KEY POINTS:
Property investment company St Laurence Property & Finance Ltd has reported half year net profit after tax of $15.7 million, up from $6.4 million a year earlier.
Executive chairman Kevin Podmore said the healthy surplus was mainly due to an increase in value of the group's investment property
assets, along with active and disciplined management.
"For the past two years, SLPF has enjoyed record returns with double digit growth in our investment property portfolio," he said.
"While some of this growth can be attributed to market conditions, a large proportion is a direct result of the management team which has worked hard to add value to our portfolio."
Group operating revenue for the six months to the end of September was $39.6m, from $26.3m in the corresponding period a year earlier.
Key components of the revenue included property revaluations of $18.1m, compared to nil a year earlier, rental income of $14.5m from $11.6m, interest income of $3.5m from $3.9m, and equity earnings of $2m from $7.9m, St Laurence said.
A tax expense of $4.1m was recorded in the six month period under New Zealand International Financial Reporting Standards for taxation payable on the revaluation gains in the investment property portfolio.
Total group assets increased to $484.3m from $438m at March 31, primarily due to recent property revaluations and a rights issue in April.
Investment property remained the group's single biggest asset class, accounting for $332.3m, or 66.6 per cent of total assets.
The investment property portfolio was made up of 47 per cent office, 33 per cent industrial, and 20 per cent retail.
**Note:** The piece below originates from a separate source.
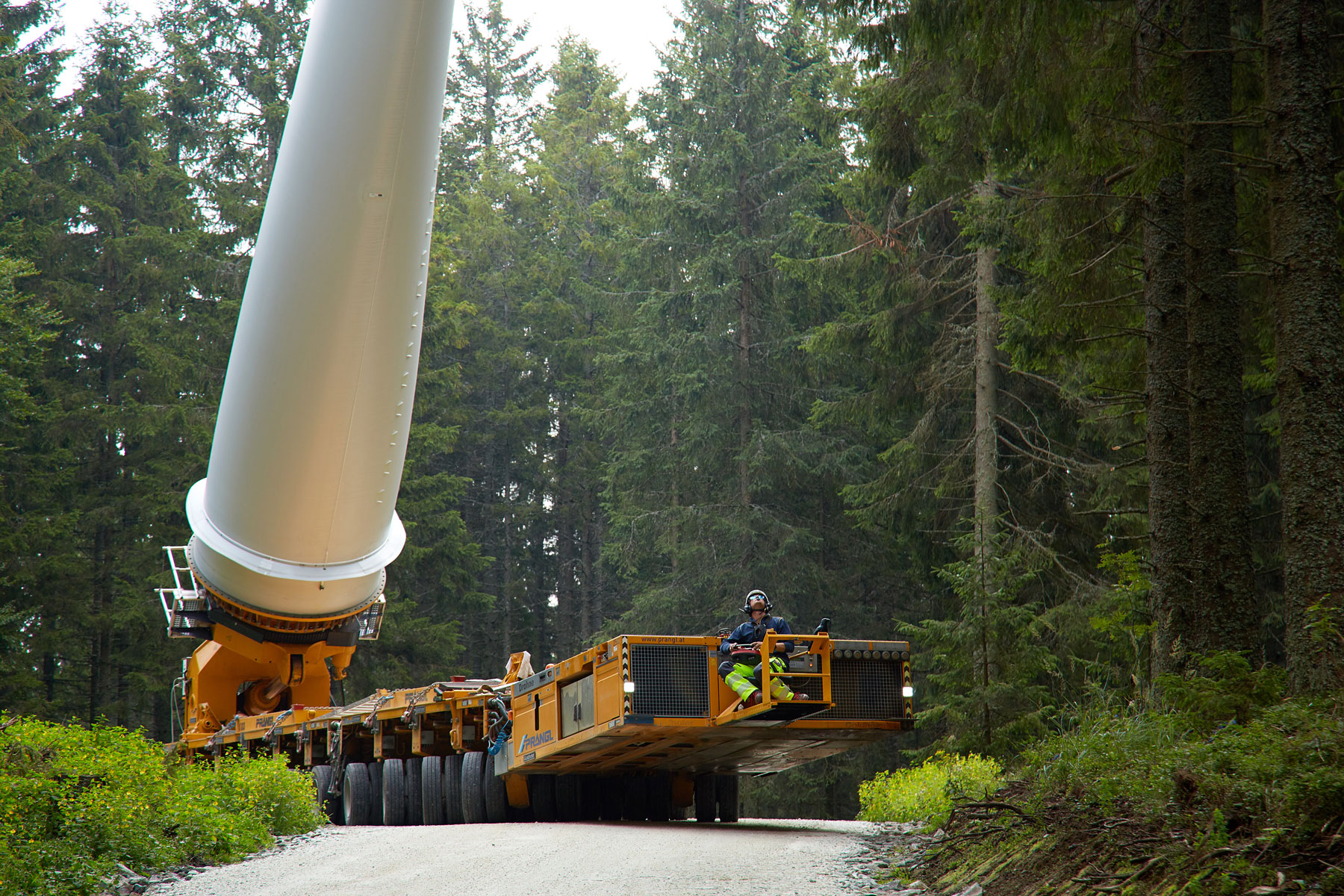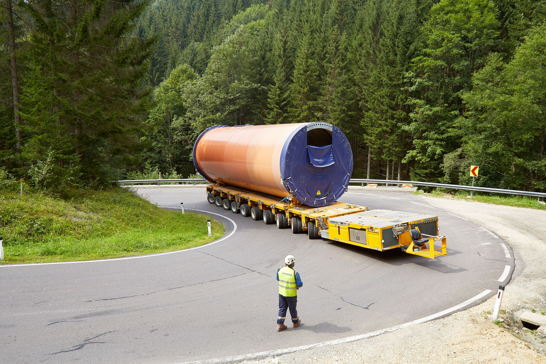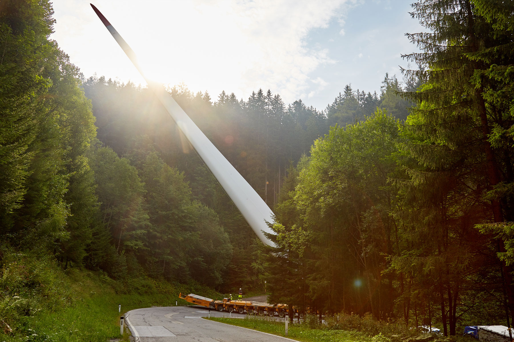 S transporterji težkih tovorov smo strojna ohišja (posamična teža 65 t), pesta (posamična teža 31,5 t), pogonske sklope (posamična teža 61 t) in lopatice vetrnih turbin (posamična teža 14,7 t) prepeljali z Danske v Avstrijo. Stebrni segmenti so prispeli iz Nemčije. Najtežje in največje kose je bilo treba prepeljati z rečno ladjo. Po pretovarjanju v pristanišču v Ennsu, kar je prav tako izvedla družba Prangl, so bili najtežji jekleni deli z maso do 87 t pripravljeni za nadaljnji prevoz. Jekleni segmenti so merili v dolžino do 30 m.

Two-thirds of it was in Auckland, 26 per cent in Wellington, and 8 per cent in the rest of New Zealand, St Laurence said.
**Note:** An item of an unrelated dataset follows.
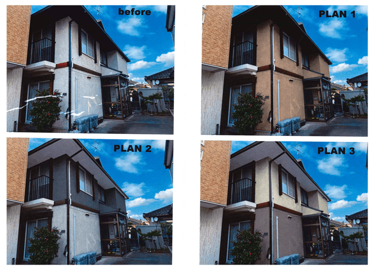 当店では仕上がりイメージを事前ご確認いただけるように数パターンのカラーシュミレーションをご用意いたしますので、周囲の景観に合わせたり自分好みの色にしてみたり!

A further capital raising was likely before the end of the financial year. The proceeds, along with property sale proceeds, may be used to fund current and future development activities, St Laurence said.
Mr Podmore said the group's existing investment portfolio continued to perform strongly with further opportunity for rental growth through current leasing activity and at rent review.
Development opportunities would provide a steady flow of investment assets, development margins and enhanced rental streams over time.
St Laurence was also looking to divest some of its properties that were reaching maturity and full development potential.